→ **Dataset section**
-------
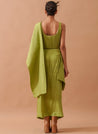 A fitted crop top with hand-sewn pleats and wide shoulder stripes featuring a scoop neckline and a side-concealed zipper fastening. Length 14". The model is 5'8" and is wearing size S.
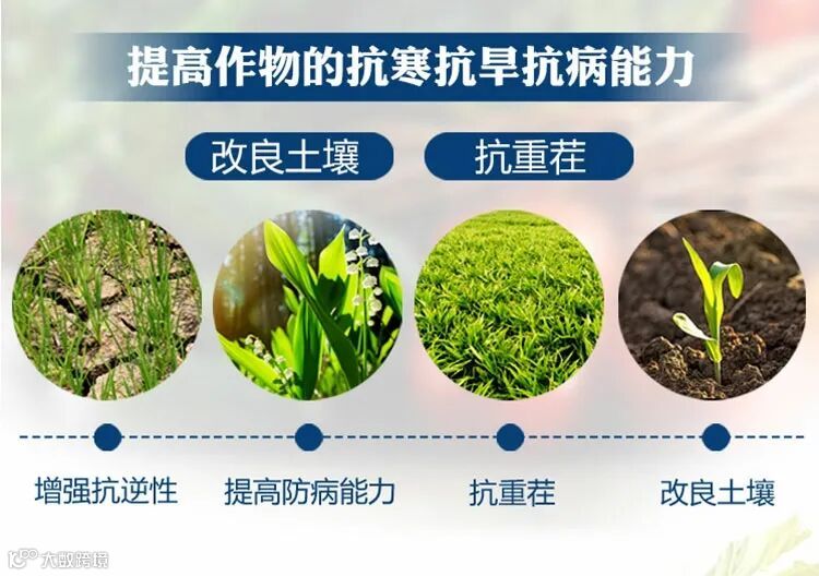 促进根系生产,加强根系活力,使作物具有良好长势,提高作物产量,改善作物品质。
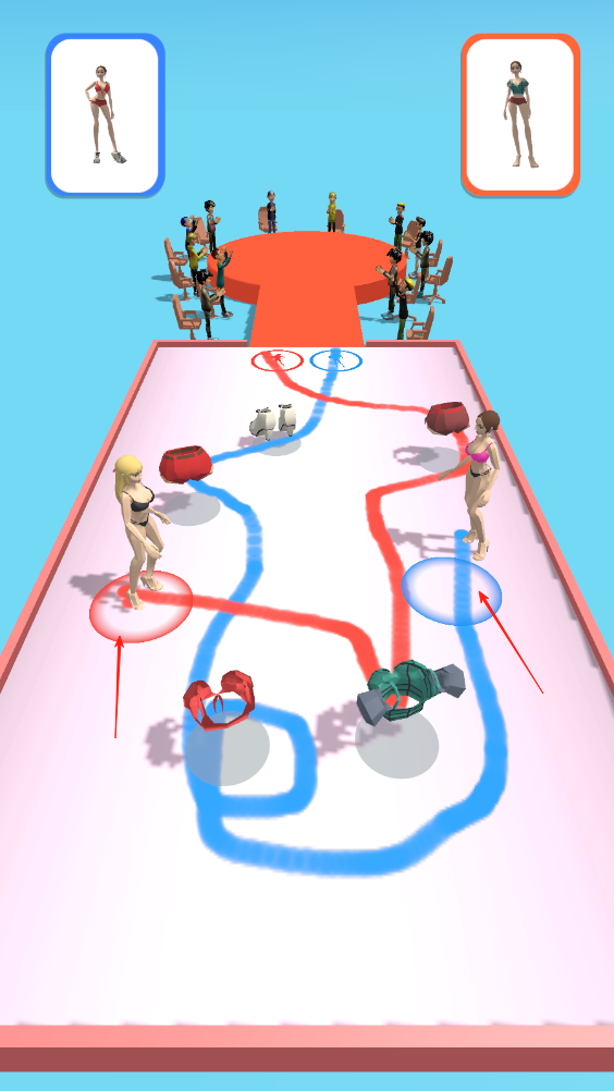 2、仔細(xì)看清兩個(gè)女孩要穿的服飾,容易混淆,按照?qǐng)D中畫線,讓兩個(gè)女孩穿上正確的服飾,走上T臺(tái)。
-------
→ **Work to be completed**
Output the span from the line with "促进根系生产,加强根系活力,使作物具有良好长势,提高作物产量,改善作物品质。" through the last line of the data, inclusive and exact, and omit every picture.

→ **Exercise output**
 促进根系生产,加强根系活力,使作物具有良好长势,提高作物产量,改善作物品质。
 2、仔細(xì)看清兩個(gè)女孩要穿的服飾,容易混淆,按照?qǐng)D中畫線,讓兩個(gè)女孩穿上正確的服飾,走上T臺(tái)。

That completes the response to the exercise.